= Health Consumer Powerhouse =

Health Consumer Powerhouse is a Swedish health policy think tank which specialises in comparing healthcare systems throughout Europe. It produces the Euro health consumer index and other indexes comparing healthcare.

It was created in 2004 by Johan Hjertqvist, a Swedish entrepreneur, author and former local politician. It has offices in Stockholm, Sweden. Dr Arne A Björnberg is the President of the company. he was formerly Chief Executive of the Swedish National Pharmacy Corporation.

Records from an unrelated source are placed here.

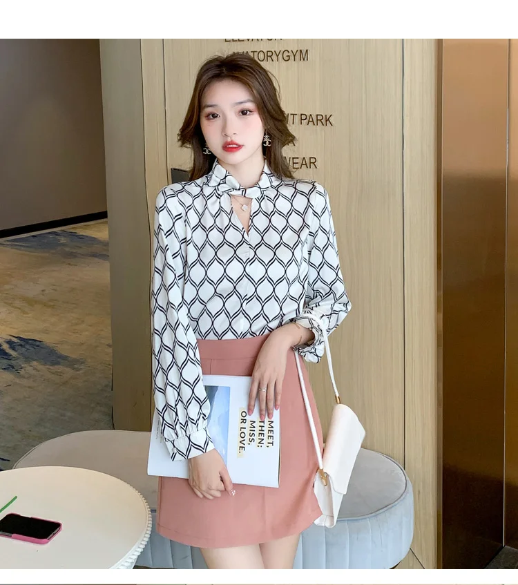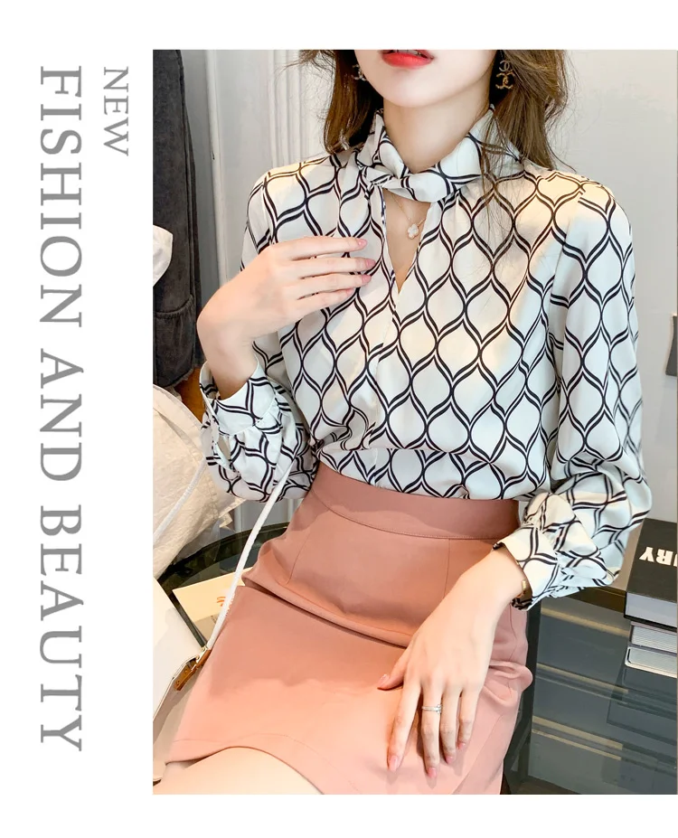 Autumn New Women Blouse Shirt Fashion CasualSilk Plaid Long-sleeved Satin Top High-End Elegant Slim Office Lady Clothing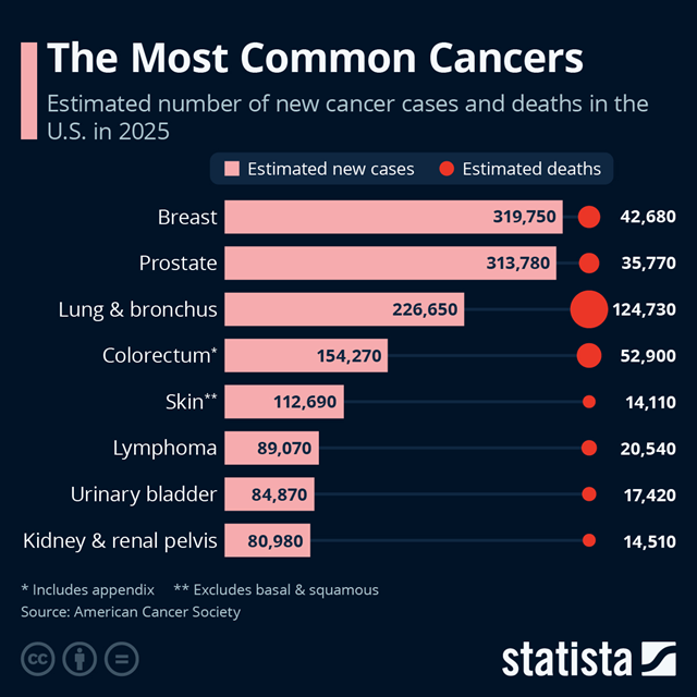 “There were more than two million new cases of #cancer in the United States in 2025, excluding non-melanoma skin cancers, as well as more than 618,000 estimated deaths, according to the American Cancer Society. Breast cancer was the most common with nearly 320,000 new cases”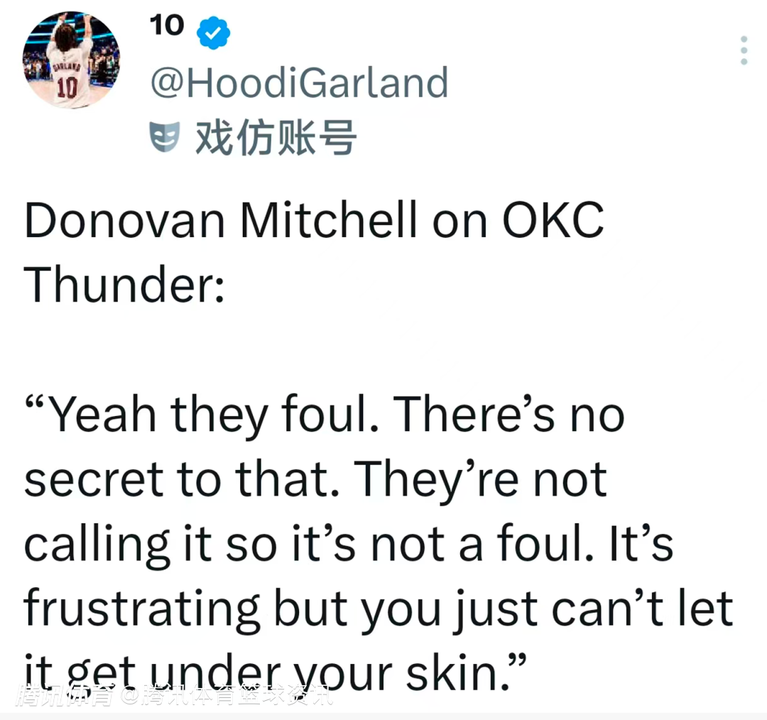 谈及雷霆队的防守表现时,米切尔表示:“没错,他们确实有犯规动作,这不是什么秘密。只是裁判没吹,那就不算犯规。这很让人沮丧,但你不能被这事影响心态。”

The Euro Health Consumer Index is a comparison of European health care systems based on waiting times, results, and generosity. The information is presented as a graphic index. Part of the motivation of the HCP in 2004 was to stimulate the European Union to take action on transparency and quality measures. The 2014 ranking included 37 countries measured by 48 indicators.
The Euro Health Consumer Index measurements started in 2005. In 2013 the then Lithuanian Health Minister Vytenis Andriukaitis, said that the European Commission assessed various benchmarks for healthcare comparison and found that EHCI was the most reliable, but stressed in 2014 that he believed the EHCI could foster discussion among healthcare stakeholders, "[...] despite certain reservations I may have regarding the objectivity and the methodology used [...]".

Scoring is partly based on the responses from patient organisations to a questionnaire, particularly when their responses indicate a radically different situation from that officially reported. 976 responses were used in the 2015 exercise.